Iron Quantification Using Spectral CT-Based Material Decomposition Technique for Noninvasive Hepatic Fibrosis Staging: An Experimental Study.

Background: Accurate staging is crucial for effective treatment of hepatic fibrosis (HF). This study evaluates whether spectral CT-derived liver iron concentration (LIC) quantification correlates with HF stages and validates its efficacy in diagnostic staging.

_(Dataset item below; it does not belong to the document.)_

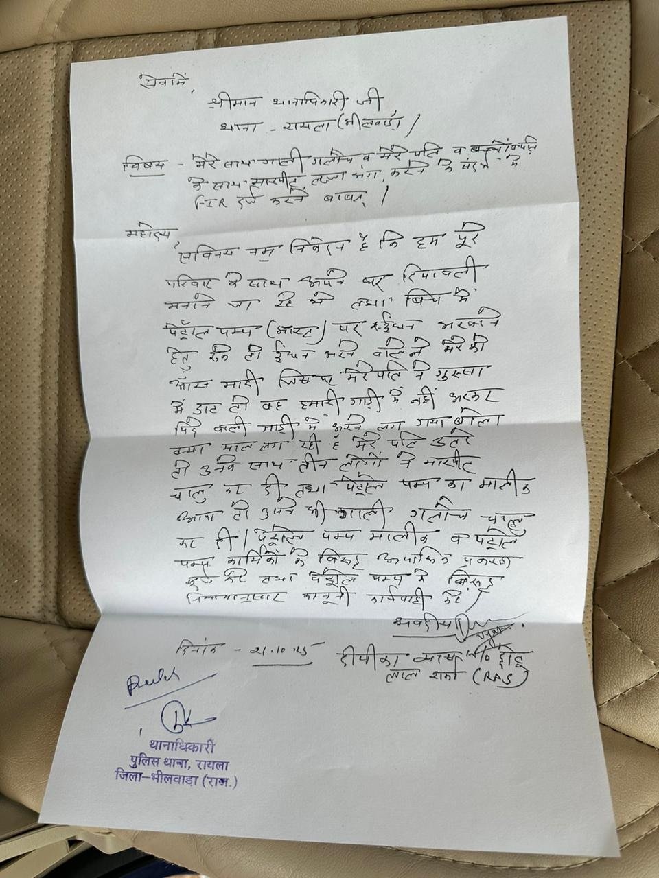 एसडीएम की पत्नी दीपिका व्यास ने इस मामले पेट्रोल पंप कर्मचारियों के खिलाफ छेड़छाड़ की FIR दर्ज करवाई है. शिकायत में उन्होंने लिखा कि, पेट्रोल पंप कर्मी ने मुझे आंख मारी, जिससे मेरे पति गुस्से में आ गए और उन्होंने कर्मचारी को डांट लगाई. इसके बाद कर्मचारी हमारी गाड़ी छोड़कर पीछे खड़ी गाड़ी में पेट्रोल भरने लगा और कहा ‘क्या माल लग रही है’. मेरे पति ने विरोध किया तो तीन लोगों ने हम पर हमला कर दिया.
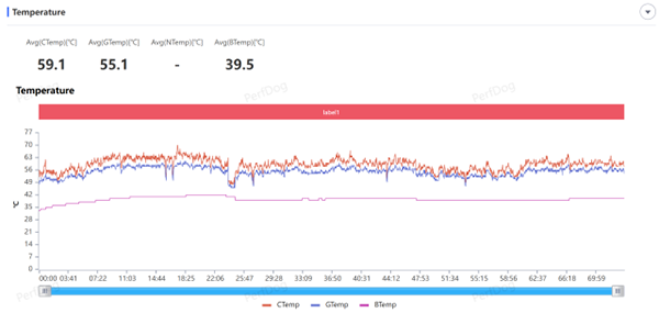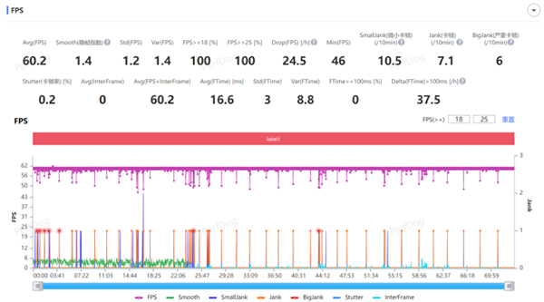 剔除UI切換的部分,全程平均幀為60.2,考慮到戰(zhàn)斗場景較多以及角色互動較多,這樣的表現(xiàn)也十分優(yōu)秀。盡管幀率曲線看起來波動較大,但大部分low幀都還有50幀左右,多是切換場景造成的波動,實際上察覺不到。而且在后30分鐘,也沒有出現(xiàn)過熱降頻的情況,整體表現(xiàn)很穩(wěn)定。

Methods: One hundred seventy-five New Zealand white rabbits were included in the prospective study (35 normal controls; 140 HF models). Rabbits underwent spectral CT scans before modeling and at 4, 6, 8, 10, and 12 weeks. HF was staged by METAVIR system. Using iodine and water as reference materials paired with iron, the original LIC and the normalized LIC (NIC = LIC/aortic-iron) were measured. The material decomposition (MD) technique of spectral CT was used to quantify LIC and evaluate the correlation between HF stage and LIC. ANOVA, chi-square, and ROC were employed using SPSS, Python, and MedCalc.

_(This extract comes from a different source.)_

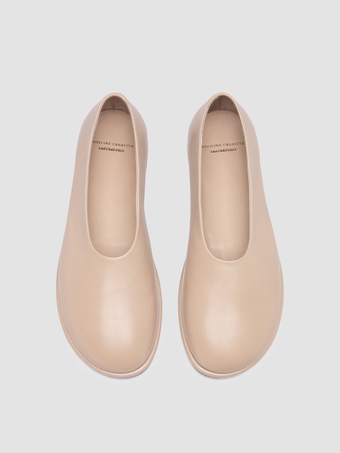 The Mienne 110 ballerina shoes are handcrafted in Italy and feature a smooth ivory leather upper that contours to the foot for a sleek, minimalist aesthetic. The soft silhouette is complemented by a discreet and flexible rubber sole.

Results: One hundred fifty rabbits (30-per-stage, F0-F4) were selected. LIC and NIC in the noncontrast (NC) phase, and LIC and NIC in arterial phases (AP), increased with HF progression (p < 0.05) consistent with pathological results. Multiple LIC parameters exhibited significant differences in 126 comparisons (p < 0.05). ROC showed excellent diagnostic performance of NIC-AP across HF stages (AUC: 0.884-1.000), especially in distinguishing F1 from F0, F2, F3, and F4 (AUC: 0.979, 0.979, 0.918, 0.934). NIC-NC exhibited moderate efficacy in F0 versus F1 (AUC = 0.767) but high in other stages (AUC: 0.826-0.994). A multiparameter model achieved a macro-AUC of 0.9917.

Conclusion: Spectral CT-based liver iron concentration quantification demonstrates a strong correlation with HF stages, providing precise HF staging and excellent diagnostic performance.